Voyage de la délégation de l’Archevêché à Moscou du 1 au 5 novembre 2019
Mgr Jean était accompagné d’une délégation de 105 clercs et laïcs venus de France, d’Allemagne, de Belgique, des Pays-Bas, d’Italie, de Suède et du Royaume-Uni.
Le patriarcat a pris à sa charge les visas et toute la logistique sur le territoire russe, notamment les transports et l’hôtel où était logée l’essentiel de la délégation venue d’Europe occidentale. Cette logistique était mise en œuvre par des collaborateurs du métropolite Antoine de Chersonèse et de l’évêque Savva de Zelenograd et de volontaires issus de paroisses. La coordination a été assurée de façon aussi courtoise qu’efficace par le hiérodiacre Michée (Sorret) et André Brilkov.
Les billets d’avions et les dernières démarches pour les visas étaient à notre charge. Quelques malentendus administratifs dans certains consulats ont donné des inquiétudes mais tout s’est arrangé pour l’essentiel. Du côté de l’Archevêché la coordination était assurée aussi efficacement que courtoisement – ce qui a été très apprécié – par Matthieu Jurconi sous l’autorité du TRP Jean Gueit.

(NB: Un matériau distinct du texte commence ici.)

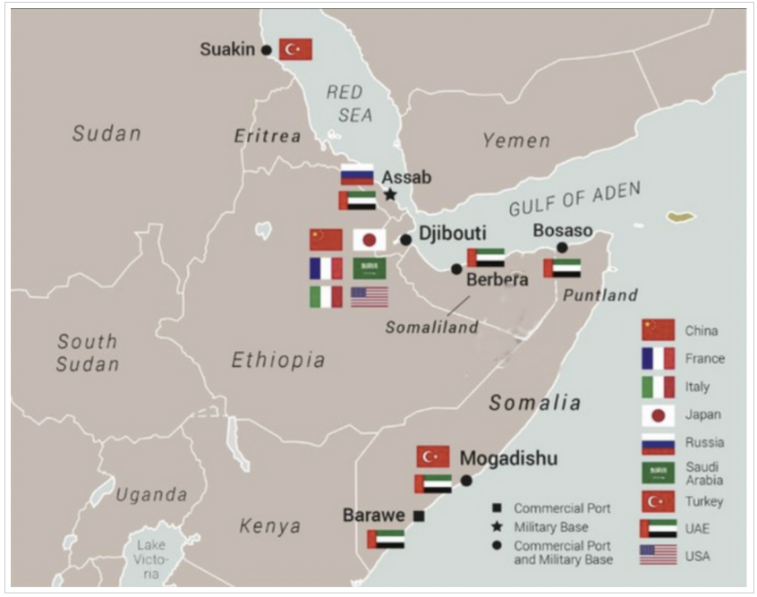 한편, 미국의 지역 파트너인 UAE는 이미 소말릴란드에서 항구와 군용 비행장을 운영하고 있다. 그런데도 아부다비는 소말리아에서도 항만과 군사기지를 운영 중이다.
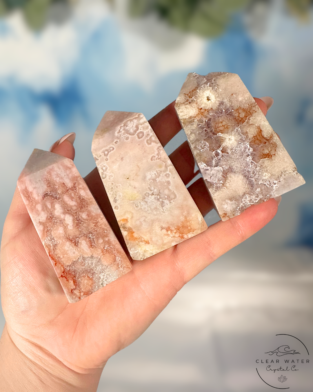 Each tower is unique and will showcase the distinct patterns of Flower Agate and the soft pink hues of Amethyst, sometimes with subtle banding or variations that add to its individual charm.
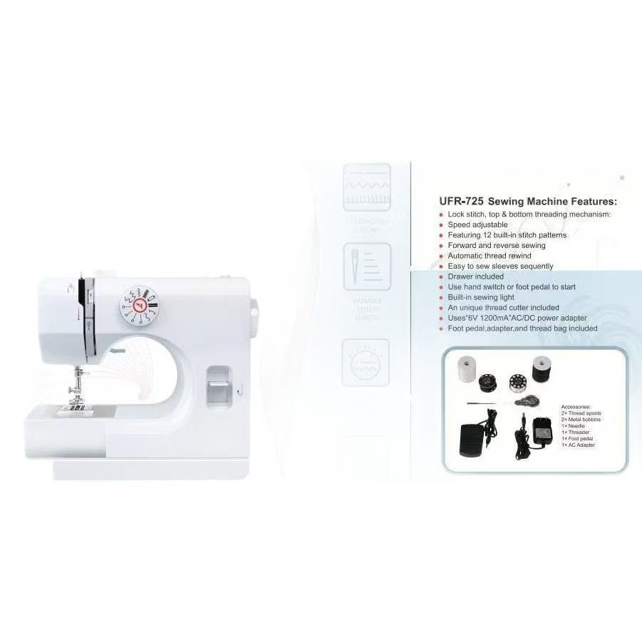 友立佳725缝纫机亚马逊电商家用迷你锁边扣眼吃厚可印log跨境钉扣
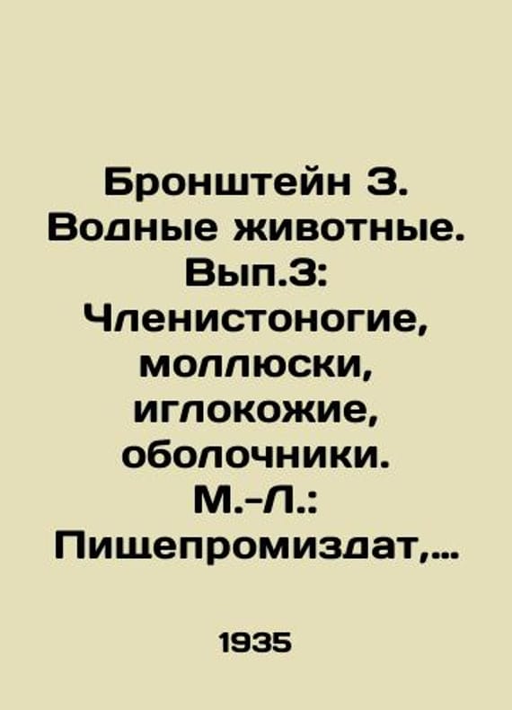 Bronstein Z. Aquatic animals. Vol.3: Arthropods, shellfish, needles, shell/Bronshteyn Z. Vodnye zhivotnye. Vyp.3: Chlenistonogie, mollyuski, iglokozhie, obolochniki. M.-L.: Pishchepromizdat, 1935. Bronstein Z. Aquatic animals. Vol.3: Arthropods, shellfish, needles, shell. We have thousands of titles and often several copies of each title may be available. Please feel free to contact us for a detailed description of the copies available. SKUbd-65fe51487e690cab.
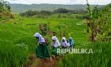 Sejumlah siswa berjalan kaki melintasi pematang sawah saat pulang ke rumah di Dusun Ciakar, Kabupaten Ciamis, Jawa Barat, Kamis (9/9/2021). Pemerintah Provinsi Jawa Barat meluncurkan program Ngabring ka Sakola (Ngabaso) atau gerakan berjalan kaki ke sekolah secara berkelompok agar tercipta rasa aman dan selamat bagi anak, saat pergi ke sekolah dan pulang ke rumah. (FOTO : Antara/Adeng Bustami)
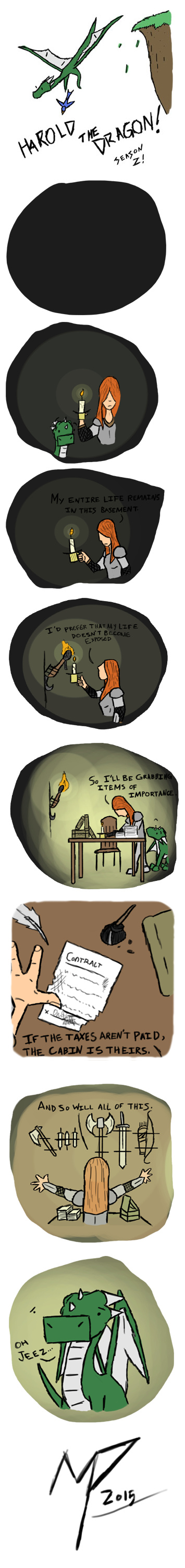 Harold the Dragon, a fantasy series following a small green dragon and his close friend Blue along with a female warrior named Olivia and soon to be more in the mere future. Action, adventure, and of course, cute humor. Harold the Dragon strives to be on many people's reading lists!
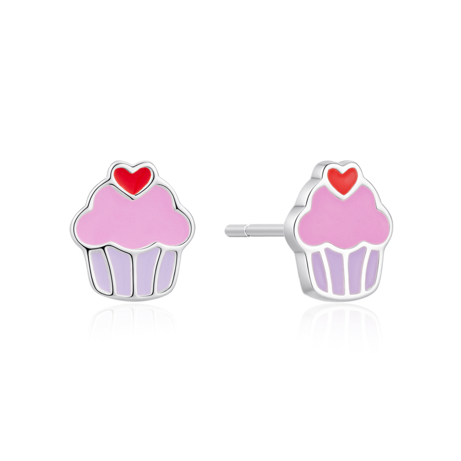Sølv ørestikker cupcake i lyserød, pink, og rød hjerte med blyfri emalje på top.
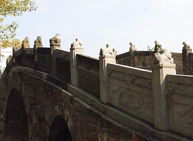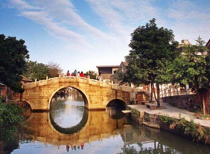 該橋兩邊斜道不砌石級(jí),版權(quán)所有山東聊城聊之旅國(guó)際旅行社有限公司,轉(zhuǎn)載必究!行人來(lái)往象上下斜坡一樣,古代車(chē)馬過(guò)橋,可暢通無(wú)阻。站在橋上左右眺望,寬闊的河涌?jī)砂叮R的石砌墻緊靠河壁。蕉林蔗地上,舊日店鋪基礎(chǔ)依稀可辨,為我們勾勒出一幅繁榮的古代水鄉(xiāng)市集景象。

La consigne d’apporter une bouteille de vin comme cadeau à nos hôtes a été bien accueillie par les membres de la délégation et très largement respectée – et appréciée par les bénéficiaires.
Tout au long du séjour, pour les offices et les visites la délégation de l’Archevêché a été très bien reçue, Mgr Jean a été constamment entouré et reçu par des interlocuteurs de son rang, le métropolite Antoine et l’évêque Savva ont le plus souvent été à ses côtés.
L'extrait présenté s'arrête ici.